Before dawn on Christmas Eve, Contributing Photographer Colin O’Brien & I ventured out in a rainstorm to visit our friends down at the Whitechapel Mission – established in 1876, which opens every day of the year to offer breakfasts, showers, clothes and access to mail and telephones, for those who are homeless or in need.

Many of those who come here are too scared to sleep rough but walk or ride public transport all night, arriving in Whitechapel at six in the morning when the Mission opens. We found the atmosphere subdued on Christmas Eve on account of the rain and the season. People were weary and shaken up by the traumatic experience of the night, and overcome with relief to be safe in the warm and dry. Feeling the soothing effect of a hot shower and breakfast, they sat immobile and withdrawn. For those shut out from family and social events which are the focus of festivities for the rest of us, and facing the onset of winter temperatures, this is the toughest time of the year.

Unlike most other hostels and day centres, Whitechapel Mission does not shut during Christmas. Tony Miller, who has run the Mission and lived and brought up his family in this building over the last thirty-five years, had summoned his three grown-up children out of bed at five that morning to cover in the kitchen when the day’s volunteers failed to show. Although his staff take a break over Christmas which means he and his wife Sue and their family have to pick up the slack, it is a moment in the year that Tony relishes. “40% of our successful reconnections happen at Christmas,” he explained enthusiastically, passionate to seize the opportunity to get people off the street, “If I can persuade someone to make the Christmas phone call home …”

Tony estimates there are around three thousand people living rough in London at present, whom he accounts as follows – approximately 15% Eastern Europeans, 15% Africans and 5% from the rest of the world, another 15% are ex-army while 30%, the largest proportion, are people who grew up in care and have never been able to establish a secure life for themselves.

Among those I spoke with on Christmas Eve were those who had homes but were dispossessed in other ways.
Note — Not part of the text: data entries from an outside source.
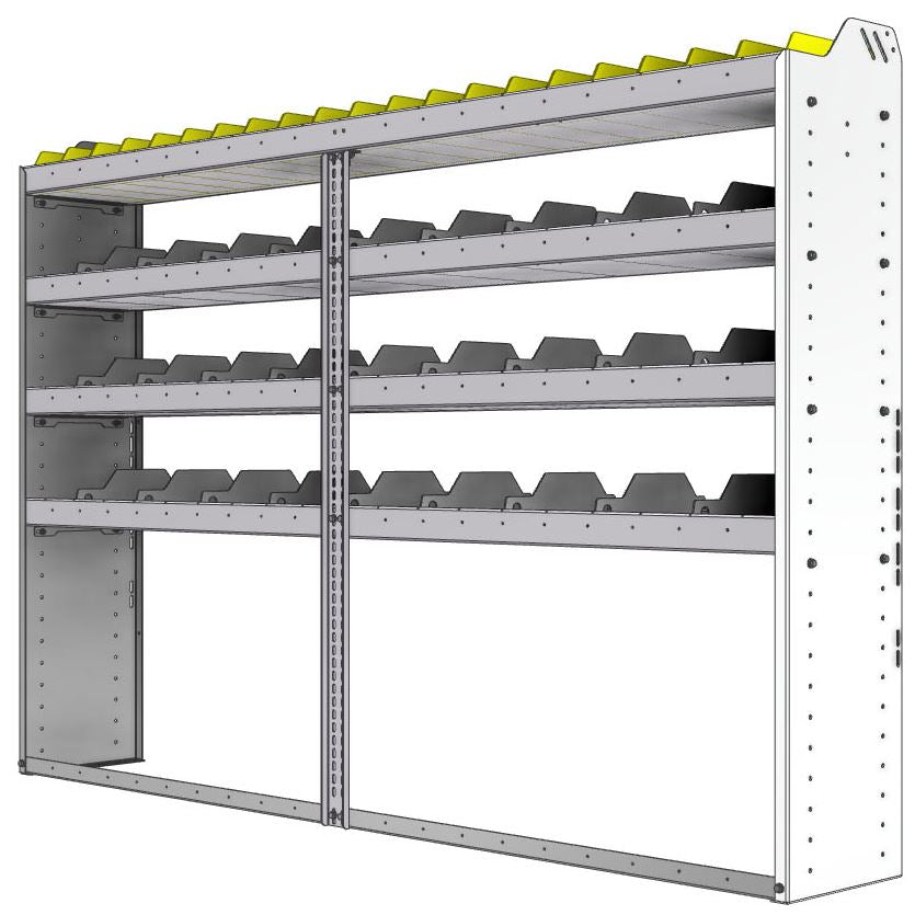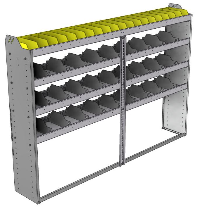 Square back bin separator combo shelf unit 86.375"Wide x 13.5"Deep x 58"High with 4 shelves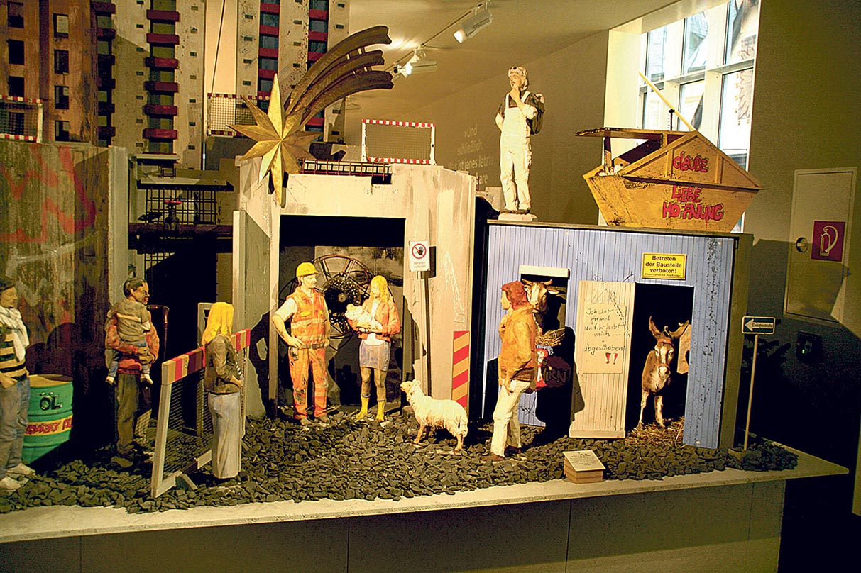 Die außergewöhnliche großformatige „Krippe in der Baustelle“ des Künstlers Rudi Bannwarth empfängt den Besucher der aktuellen, über 120 Werke umfassenden 77. Krippenausstellung im Westfälischen Museum für religiöse Kultur „Religio“ im münsterländischen Telgte. Dort ist sie noch bis zum 28. Januar zu sehen. Die biblische Weihnachtsbotschaft „Friede auf Erden“ auf Basis des Lukasevangeliums – Thema der Schau in diesem Jahr – hat der Holzbildhauermeister aus Ettlingen in den Alltag der Menschen heute übersetzt.
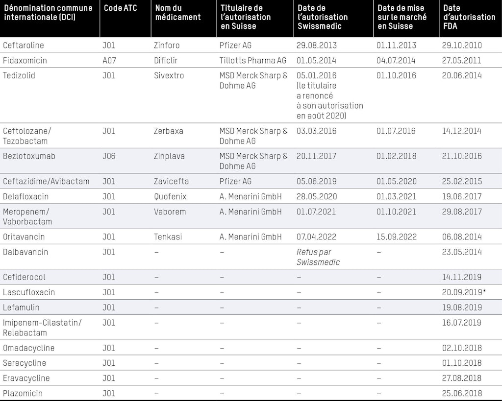 Disponibilité actuelle des nouvelles substances antibactériennes en Suisse (2023)

There were several vulnerable people who lived alone and had no family, and were grateful for a place where they could come for breakfast and speak with others. Here in the Mission, I recognised a collective sense of refuge from the challenges of existence and the rigours of the weather outside, and it engendered a tacit human solidarity. “This is going to be the best Christmas of my life,” Andrew, an energetic skinny guy who I met for the first time that morning, assured me, “because it’s my first one free of drugs.” We shook hands and agreed this was something to celebrate.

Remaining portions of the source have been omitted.